_Exercise:_ Set out word for word the line that contains "Centuries ago, when" and each line after it, through the end of the data below, but exclude the pictures.

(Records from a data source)
---*---

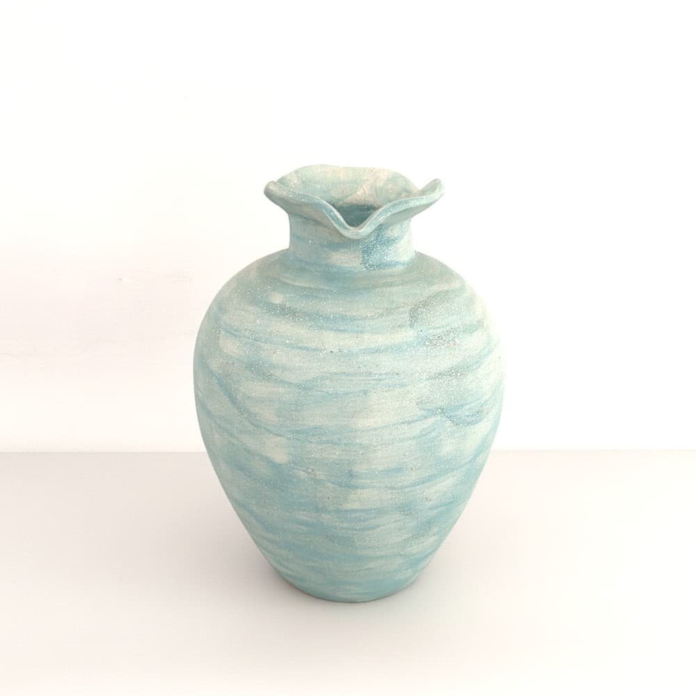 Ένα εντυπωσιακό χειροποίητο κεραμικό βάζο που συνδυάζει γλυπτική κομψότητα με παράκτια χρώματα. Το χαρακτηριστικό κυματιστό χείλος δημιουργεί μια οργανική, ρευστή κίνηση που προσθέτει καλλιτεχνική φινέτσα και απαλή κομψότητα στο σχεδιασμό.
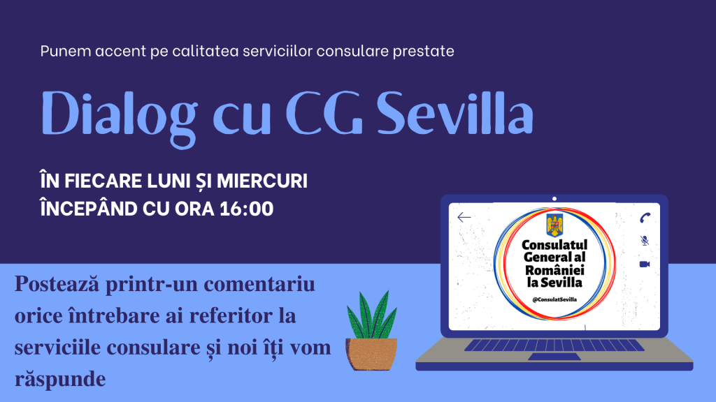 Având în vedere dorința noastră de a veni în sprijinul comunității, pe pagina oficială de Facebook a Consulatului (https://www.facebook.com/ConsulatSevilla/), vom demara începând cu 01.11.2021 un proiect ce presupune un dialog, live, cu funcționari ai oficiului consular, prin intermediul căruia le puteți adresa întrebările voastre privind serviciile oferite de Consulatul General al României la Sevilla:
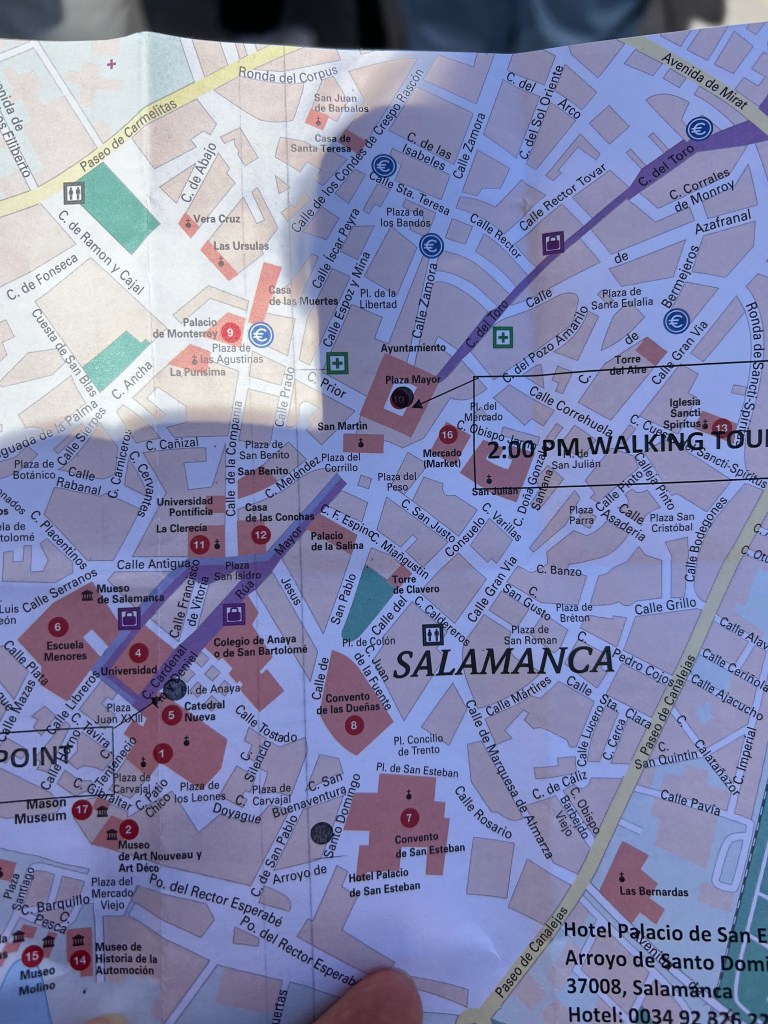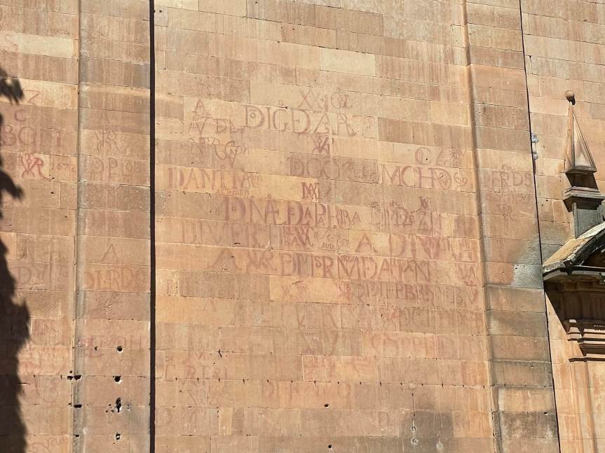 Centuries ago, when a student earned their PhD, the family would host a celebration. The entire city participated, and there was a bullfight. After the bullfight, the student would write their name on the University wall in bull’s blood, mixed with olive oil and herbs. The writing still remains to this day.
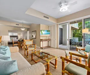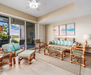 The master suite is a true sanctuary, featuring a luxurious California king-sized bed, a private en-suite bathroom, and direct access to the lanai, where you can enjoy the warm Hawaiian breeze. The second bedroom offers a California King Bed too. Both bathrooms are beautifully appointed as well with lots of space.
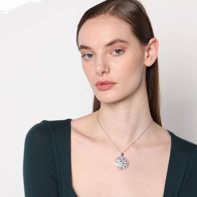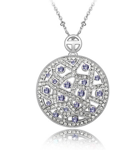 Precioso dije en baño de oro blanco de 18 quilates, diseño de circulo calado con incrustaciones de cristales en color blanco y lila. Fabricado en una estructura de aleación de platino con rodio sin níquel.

---*---

_Answer space:_
 Centuries ago, when a student earned their PhD, the family would host a celebration. The entire city participated, and there was a bullfight. After the bullfight, the student would write their name on the University wall in bull’s blood, mixed with olive oil and herbs. The writing still remains to this day.
 The master suite is a true sanctuary, featuring a luxurious California king-sized bed, a private en-suite bathroom, and direct access to the lanai, where you can enjoy the warm Hawaiian breeze. The second bedroom offers a California King Bed too. Both bathrooms are beautifully appointed as well with lots of space.
 Precioso dije en baño de oro blanco de 18 quilates, diseño de circulo calado con incrustaciones de cristales en color blanco y lila. Fabricado en una estructura de aleación de platino con rodio sin níquel.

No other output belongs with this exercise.